AAV‐based COVID‐19 vaccines target SARS‐CoV2 S protein RBD. The figure illustrates key functional domains of the SARS‐CoV‐2 spike protein, including the receptor binding domain (RBD) that interacts with human ACE2 receptors and the N‐terminal domain (NTD). Also depicted are AAV‐based vaccines targeting RBD, including AAV6‐RBD, AAV9‐RBD, ssAAV5‐RBD, and scAAV5‐RBD.

Figure 9

The distributions of AAV clinical trials in different diseases (A), periods (B), and areas (C). The data are summarized from ClinicalTrials.gov. The figure categorizes gene therapy targets into four major groups: ocular diseases (e.g., Achromatopsia, Leber Congenital Amaurosis), cancer and metabolic disorders (e.g., AADC deficiency, Duchenne Muscular Dystrophy), infectious diseases (COVID‐19, HIV) with vaccine development applications, CNS and systemic disorders (e.g., Alzheimer's, Hemophilia, Cystic Fibrosis).

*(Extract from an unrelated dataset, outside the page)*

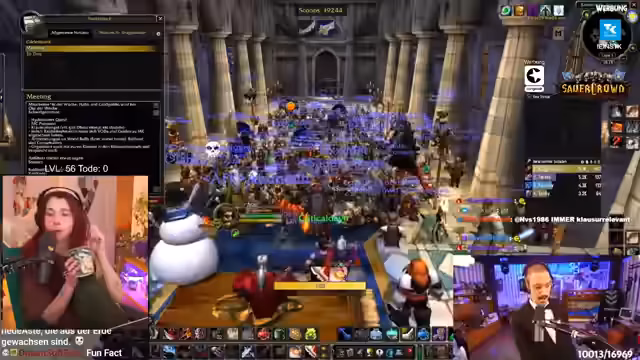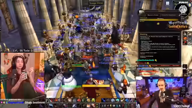 02:35:09Das Gilden-Meeting findet in der Kathedrale des Lichts statt. Der Streamer bezeichnet dies als das letzte große Meeting des Sauerkraut-Projekts, nach fast zwei Monaten, was er als crazy und gleichzeitig schnell vergehend empfindet. Er zeigt große Wertschätzung für das Projekt und die anwesenden Leute. Die Hauptpunkte der Agenda sind die Vorstellung der Mitarbeiter der Woche, der Clip der Woche sowie die Bekanntgabe der finalen Teilnehmerliste für den anstehenden Molten-Core-Raid.

The figure outlines the historical progression of AAV gene therapy across four key phases: (1) Early Development (1990s–2000s): Proof‐of‐concept studies focused on monogenic diseases (hemophilia, retinal disorders); (2) Expansion Phase (2000s–2010s): Diversification into neurological, metabolic and cardiovascular applications; (3) Breakthrough Era (2010s–2020s): FDA approvals of Luxturna (2017) and Zolgensma (2019); (4) Current Trends (2020s‐current): Therapeutic area distribution (40% neurological) and clinical phase breakdown (50% Phase I/II trials).

Figure 10

The Future direction of AAV‐mediated gene therapy will be accelerated and boosted by the application of artificial intelligence, vaccines, and nanobodies. The figure highlights three cutting‐edge therapeutic platforms: (1) Artificial Intelligence applications (ChatGPT, Deepseek) for AAV capsid optimization (CapsidMap, AAV Edge); (2) Vaccine technologies including mRNA platforms and novel delivery systems (nanocarriers, cellular vehicles); (3) Nanobody‐based therapies combined with checkpoint inhibitors, adoptive T cells, and CRISPR/Cas9 gene editing.